Recorded information
+-------+
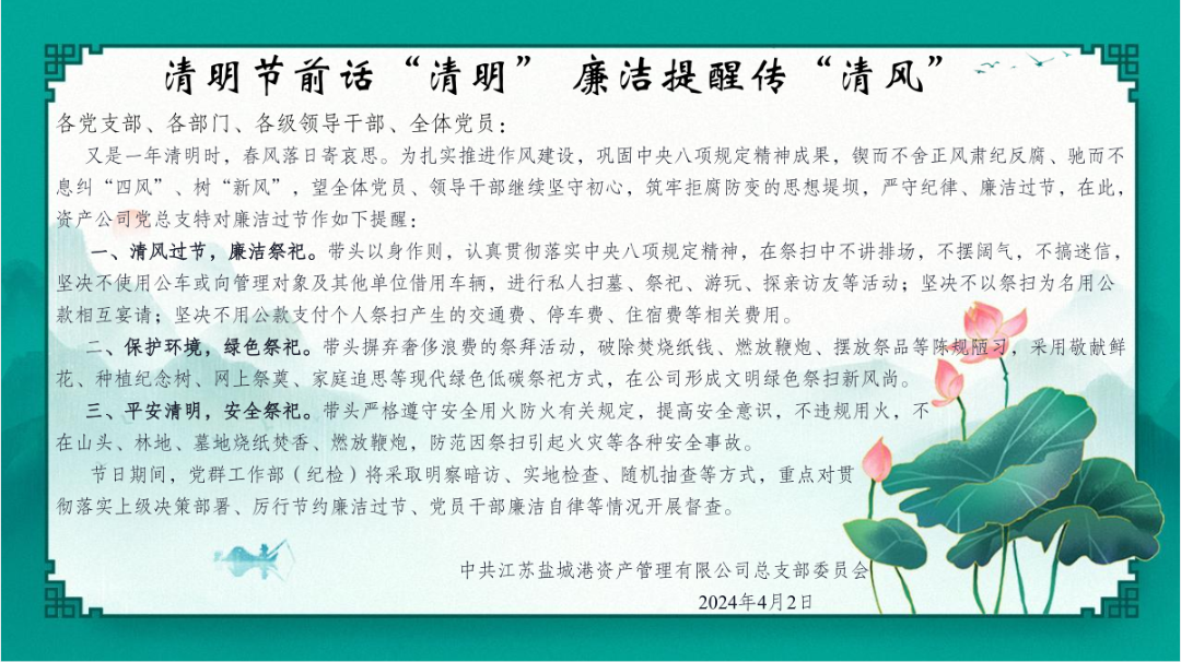 为进一步深化全面从严治党和党风廉政建设工作,深入推进廉政教育,教育引导全体干部职工严守纪律红线、筑牢廉洁底线,资产公司党总支坚持“教育在先、警示在先、预防在先”原则,多措并举、系统施策,打出“教育促廉、承诺悟廉、安全践廉”等组合拳,坚定不移纠治“四风”,推动节日风气持续向好。
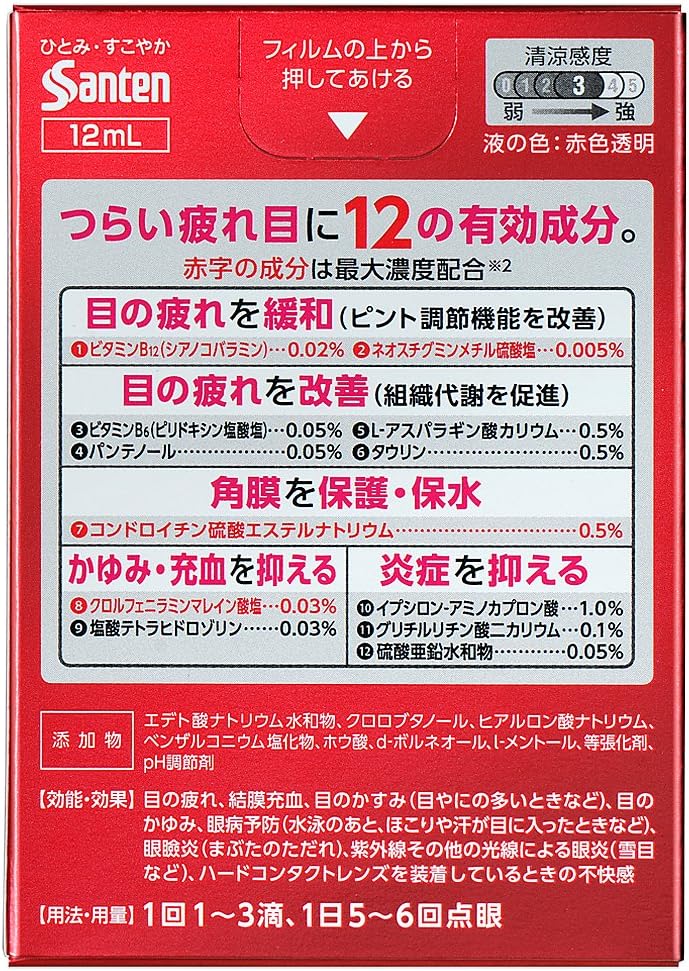 Sante Medical 12 contains a well-balanced combination of 12 thought-out active ingredients, including vitamin B 12 and neostigmine methyl sulfate, which are effective for improving eye fatigue, and a maximum concentration of 4 ingredients. This eyedrop improves eye fatigue by working on the focus control muscle and parasympathetic nervous system to enhance the weakened focus control function, moisturizes dry eyes, and provides nutrition to the eyes to promote tissue metabolic function. We support people who live in a modern society where people use their eyes a lot to live a healthy life.
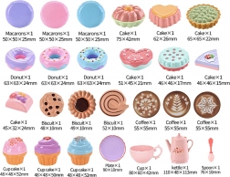 Contient jusqu'à 26 éléments différents, y compris un set de thé, du café et diverses douceurs.
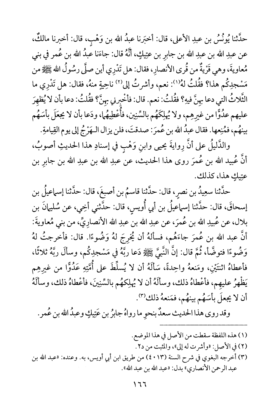 حدَّثنا يُونُسُ بن عبدِ الأعلى، قال: أخبَرنا عبدُ الله بن وَهْبٍ، قال: أخبرنا مالكٌ، عن عبدِ الله بن عبدِ الله بن جابرِ بن عتِيكٍ، أنَّهُ قال: جاءَنا عبدُ الله بن عُمر في بني مُعاويةَ، وهي قَرْيةٌ من قُرى الأنصارِ، فقال: هل تَدْرِي أين صلَّى رسُولُ الله - صلى الله عليه وسلم - من مَسْجدِكُم هذا؟ فقُلتُ لهُ (¬١): نعم، وأشرتُ إلى (¬٢) ناحِيةٍ منهُ، فقال: هل تَدْرِي ما الثَّلاثُ التي دعا بهِنَّ فيهِ؟ فقُلتُ: نعم. قال: فأخْبِرني بهِنَّ؟ فقُلتُ: دعا بأن لا يُظهِرَ عليهم عدُوًّا من غيرِهِم، ولا يُهلِكَهُم بالسِّنِين، فأُعْطِيهُما، ودَعا بأن لا يجعَلَ بأسَهُم بينهُم، فمُنِعها. فقال عبدُ الله بن عُمرَ: صدقتَ، فلن يزال الهَرْجُ إلى يوم القِيامةِ.
+-------+
Exercise aim
Return all of the material precisely as written. No picture belongs in it.

Solution
 为进一步深化全面从严治党和党风廉政建设工作,深入推进廉政教育,教育引导全体干部职工严守纪律红线、筑牢廉洁底线,资产公司党总支坚持“教育在先、警示在先、预防在先”原则,多措并举、系统施策,打出“教育促廉、承诺悟廉、安全践廉”等组合拳,坚定不移纠治“四风”,推动节日风气持续向好。
 Sante Medical 12 contains a well-balanced combination of 12 thought-out active ingredients, including vitamin B 12 and neostigmine methyl sulfate, which are effective for improving eye fatigue, and a maximum concentration of 4 ingredients. This eyedrop improves eye fatigue by working on the focus control muscle and parasympathetic nervous system to enhance the weakened focus control function, moisturizes dry eyes, and provides nutrition to the eyes to promote tissue metabolic function. We support people who live in a modern society where people use their eyes a lot to live a healthy life.
 Contient jusqu'à 26 éléments différents, y compris un set de thé, du café et diverses douceurs.
 حدَّثنا يُونُسُ بن عبدِ الأعلى، قال: أخبَرنا عبدُ الله بن وَهْبٍ، قال: أخبرنا مالكٌ، عن عبدِ الله بن عبدِ الله بن جابرِ بن عتِيكٍ، أنَّهُ قال: جاءَنا عبدُ الله بن عُمر في بني مُعاويةَ، وهي قَرْيةٌ من قُرى الأنصارِ، فقال: هل تَدْرِي أين صلَّى رسُولُ الله - صلى الله عليه وسلم - من مَسْجدِكُم هذا؟ فقُلتُ لهُ (¬١): نعم، وأشرتُ إلى (¬٢) ناحِيةٍ منهُ، فقال: هل تَدْرِي ما الثَّلاثُ التي دعا بهِنَّ فيهِ؟ فقُلتُ: نعم. قال: فأخْبِرني بهِنَّ؟ فقُلتُ: دعا بأن لا يُظهِرَ عليهم عدُوًّا من غيرِهِم، ولا يُهلِكَهُم بالسِّنِين، فأُعْطِيهُما، ودَعا بأن لا يجعَلَ بأسَهُم بينهُم، فمُنِعها. فقال عبدُ الله بن عُمرَ: صدقتَ، فلن يزال الهَرْجُ إلى يوم القِيامةِ.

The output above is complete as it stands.